The Director General said the exemption of the NPF from the CPS would result in the dismantling of the institutions, systems and processes that government had put in place in the last few years towards the implementation of the pension reform programme.
“Exemption of the personnel of the NPF would imply additional financial burden on the Federal Government by way of unsustainable pension obligations. For instance, as at September 2021, there were 304,963 Police personnel based on IPPIS data. An actuarial valuation revealed that the retirement benefits (pension and gratuity) liability of these personnel under the defunct Defined Benefits Scheme would amount to about N1.84 trillion,” she said.
On the other hand, she said that the liability under the CPS for the same NPF personnel is made up of N213.4 billion as accrued pension rights and monthly employer pension contributions of about N2.2 billion.

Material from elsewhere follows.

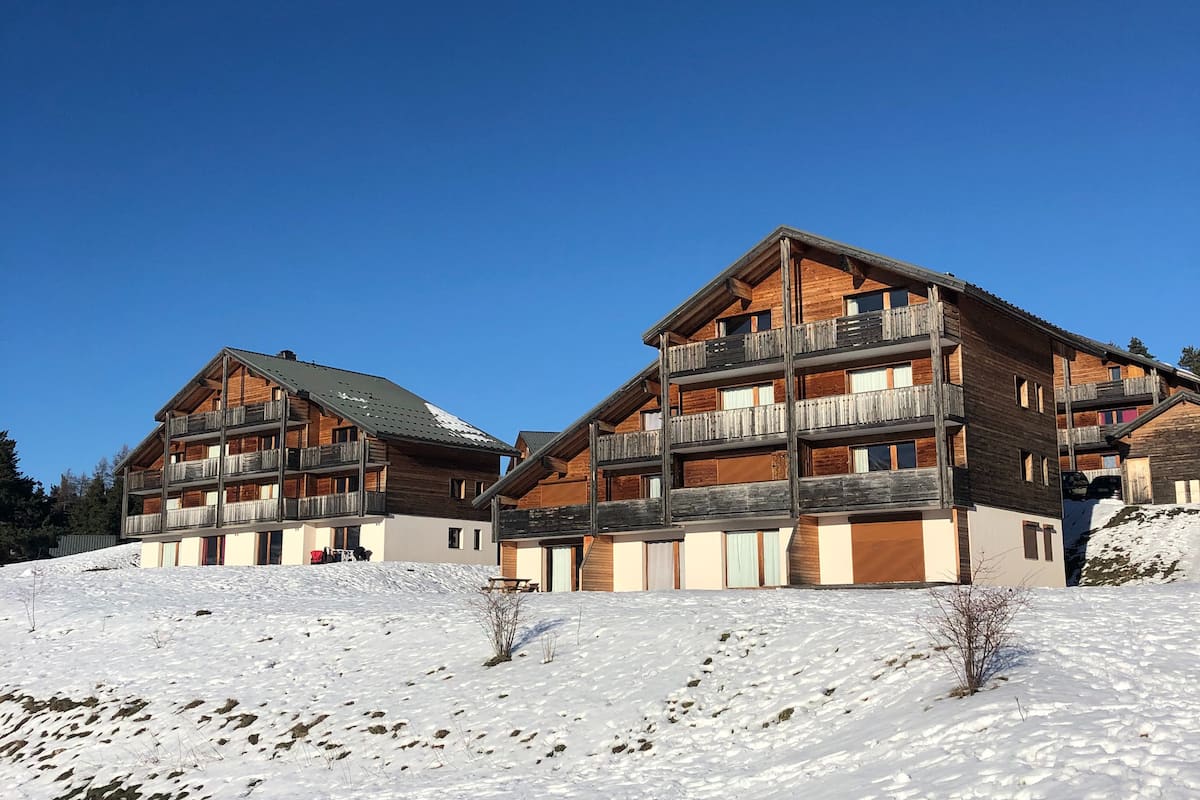 Ciepły kokon u podnóża stoków, z tarasem skierowanym na południe i zapierającymi dech w piersiach widokami na góry. Tutaj zakładamy narty od drzwi, wieczorem jemy fondue i cieszymy się spokojem natury. Górska atmosfera, wyposażona kuchnia, telewizor z internetem, zadaszony parking, zwierzęta mile widziane... Bezpośredni dostęp z budynku: centrum handlowe z restauracjami, barami, wypożyczalnia nart/rowerów górskich, supermarkety. Proste i wyjątkowe miejsce do regeneracji, latem i zimą.

The Director General said to address the concerns of Police Personnel on pension, the employer can review upwards its current contribution rate of 10%.
In addition, she said the PRA 2014 further provides that notwithstanding the pension contributions made by employer and employee into the employee’s RSA, the employer may agree on the payment of additional benefits to the employee upon retirement.

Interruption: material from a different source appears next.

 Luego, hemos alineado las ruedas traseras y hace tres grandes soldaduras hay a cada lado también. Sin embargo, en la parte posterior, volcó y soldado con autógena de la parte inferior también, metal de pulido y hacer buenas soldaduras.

“Accordingly, the Federal Government may wish to provide additional benefits in the form of gratuity to personnel of the NPF upon their retirement,” she said.

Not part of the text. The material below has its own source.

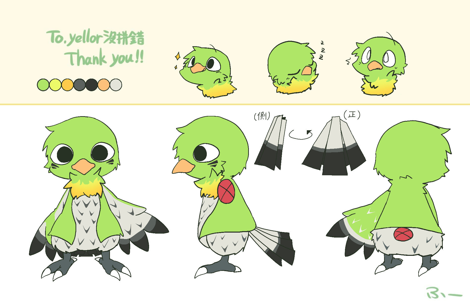 這次下了很大的決心,把我的獸設做大幅度的修改。前一個版本因為想淡化「天然鳥(Xatu)」的元素,我隨便加了一些沒有理由就加上的花紋,但效果幾乎沒有差,感覺有加跟沒加差不多,最後只是讓整體看起來更雜亂。所以我做了大膽的決定:把身體正面的顏色改成類似綠繡眼的白(灰)色,這樣應該會好多了。

Meanwhile, regarding the 75% lumpsum payment, she said the amendment, if approved, would be contrary to the provision of Section173 of the 1999 Constitution of the Federal Republic of Nigeria (as amended), which guarantees the right to pensions for all public officers as the payment of “at least 75% of the balance of the RSA” as lumpsum at retirement defeats the constitutional provision. She added that this will significantly deplete the pension savings such that the contributions will not be sufficient to provide meaningful pensions during retirement.
“That converts the pensions into a provident fund and leaves such a retiree with no periodic pensions, which is contrary to the requirement of Section 173 of the 1999 Constitution,” she said.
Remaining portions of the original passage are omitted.